Nina Rabin, a co-director of the University of Arizona’s Immigration Law Clinic, says state-level legislation cracking down on illegal immigration, like SB 1070 and Proposition 300, intensifies immigrants’ emotional stress.

Prop. 300 heightened stressors related to health care. The ballot initiative, which 71 percent of Arizona voters passed into law, mandates that people applying for state-funded services like Medicaid prove they are in the country legally.

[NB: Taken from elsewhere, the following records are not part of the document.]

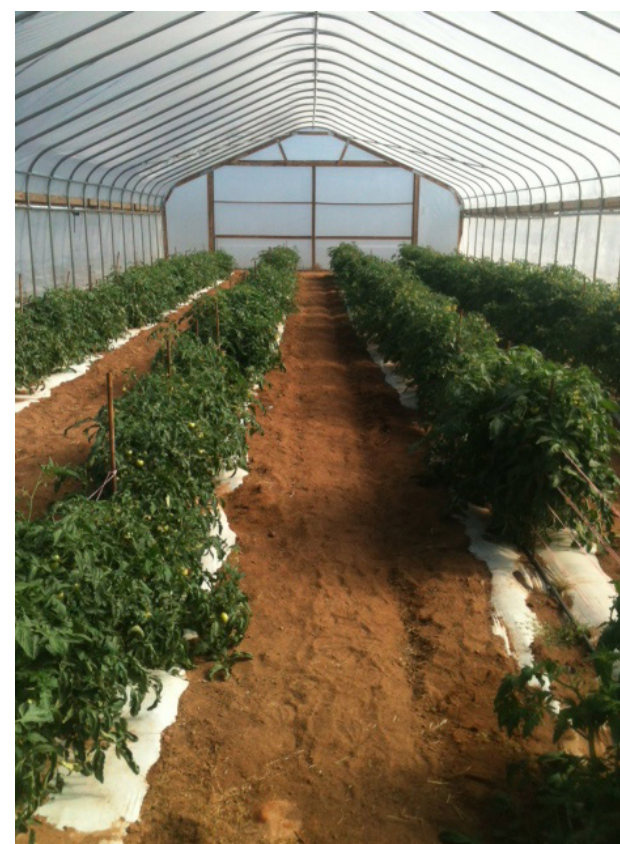
Figure 8. Tomato production in a high tunnel.

Warm-season crops such as tomatoes are almost exclusively grown in high tunnels in certain parts of the country (Figure 8). In New England, farmers have been using high tunnels for tomato production for more than a decade. Unpredictable summer weather and wind-transferred fungal diseases were the primary drivers behind this practice. High tunnels allow tomatoes to be staked or trellised, which can help increase tomato production and limit waste from soil
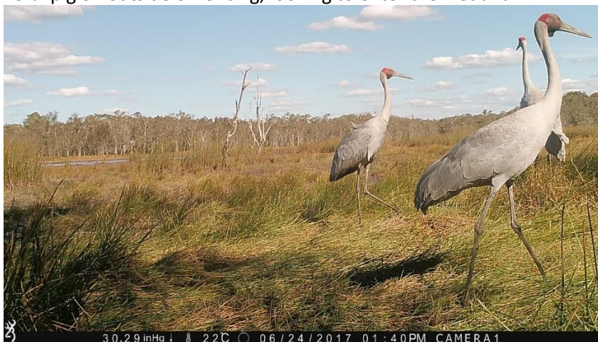
Native Brogula ( Antigone rubicunda ) using the fenced wetland
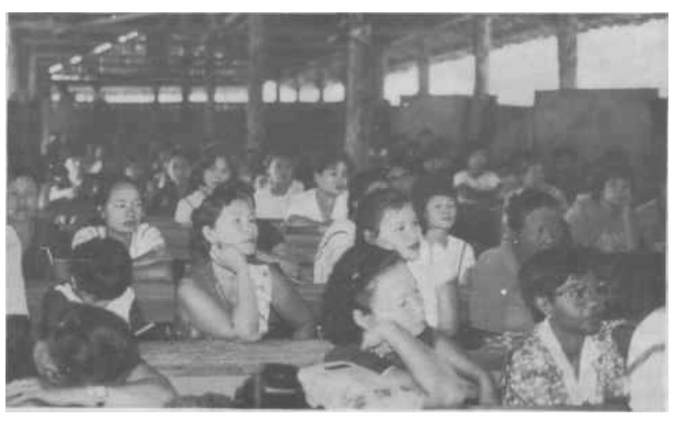
KWO meeting at Thay Baw Bo market.
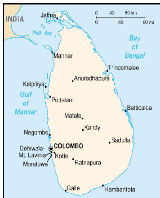
Figure 1: Map over Sri Lanka 101

This chapter is a short introduction the history of Sri Lanka. The focus is on Muslim history and some political movements that are relevant in the years of 1989-1992, but I will start with some important political events throughout the history of Sri Lanka. In the following chapters many cities will be mentioned so I will include a map in this part:
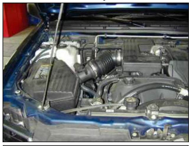
a. Factory air box system installed.
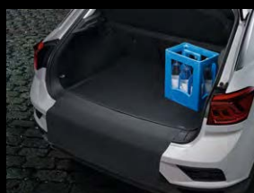
Boot mat Reversible velour/plastic nubs, vehicles with variable loading surface
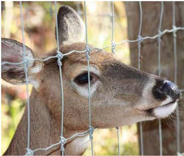
High fencing can be a long-term solution to human-deer conflicts

conducted at the community level. Hunting zones within the community are identified to maximize human safety and promote ethical, humane, and efficient deer harvest. Deer are often baited into the area for a period of time and then hunters are placed at those locations. Meat from carcasses must be used by the hunter or donated to a designated charitable organization. Both hunters and non-hunting residents must recognize that urban deer hunting is a management tool designed to reduce the number of deer, with considerable emphasis on removing females. This is not a trophy buck hunt. Hunting in Texas can be done using traditional hunting license tags or through hunting permit programs offered by TPWD that allow individuals to harvest more than regular bag limits ( Managed Lands Deer Permits or Landowner Assisted Management Permitting System ).

“You know, the intention [behind this legislation] was, quote un quote, ‘self-deportation,’ to get people to leave,” Rabin said. “It was really about making the state feel inhospitable to these communities. It created a huge amount of fear in the immigrant community, and that was furthered even more with SB 1070.”

Tolsa said that despite chronic stress and its effects on her health, she doesn’t like to complain. She knows she’s not the only person in Tucson who has to deal with this.

“Really, I don’t like to say, ‘Oh, this is happening to me. Oh, poor thing,’” she said in Spanish. “I’m not the only one, but yes. It’s difficult. It’s too hard.

Crocker said health care options do exist for undocumented immigrants. They can access free or low-cost treatment at a handful of community health clinics, where healthc are providers don’t ask about immigration status. And Rabin says undocumented people do qualify for some public health services, including programs funded by Women, Infants and Children (WIC).